Solve : $x+y=2010$, $(\sqrt[3]{x}+\sqrt[3]{y})(\sqrt[3]{x}+11)(\sqrt[3]{y}+11)=2942$

From what you've done, we have that $$(1)\iff 2010=(u+v)^3-3uv(u+v)\tag3$$ and that $$(2)\iff uv(u+v)=2942-11(u+v)^2-121(u+v)\tag4$$

From $(3)(4)$, we have $$2010=(u+v)^3-3(2942-11(u+v)^2-121(u+v)),$$ i.e. $$t^3+33t^2+363t-10836=0\tag5$$ where $t=u+v$.

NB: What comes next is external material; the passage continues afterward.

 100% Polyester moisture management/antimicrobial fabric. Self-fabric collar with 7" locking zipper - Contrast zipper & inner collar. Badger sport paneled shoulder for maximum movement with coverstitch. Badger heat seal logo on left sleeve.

Now checking if a divisor of $10836=2^2\times 3^2\times 7\times 43$ is a solution, we see that $t=12$ is a solution to have $$(5)\iff (t-12)(t^2+45t+903)=0$$ where $t^2+45t+903\gt 0$ since $45^2-4\cdot 1\cdot 903\lt 60^2-4\times 900=0$.

It follows from this that $$\sqrt[3]{x}+\sqrt[3]{y}=\color{red}{12}$$

u and v look quite similar, so I will just use a and b instead: $$3(a+b)(ab+11a+11b+121)+(a+b)(a^2-ab+b^2)=3\times2942+2010=10836$$ $$(a+b)(a^2+2ab+b^2+33a+33b+363)=10836$$ $$(a+b)((a+b)^2+33(a+b)+363)=10836$$ $$(a+b)^3+33(a+b)^2+363(a+b)-10836=0$$ Solving for $a+b$, the real root to this is $a+b=12$, so the answer is 12. I'm not sure if this is the desired approach, but it works.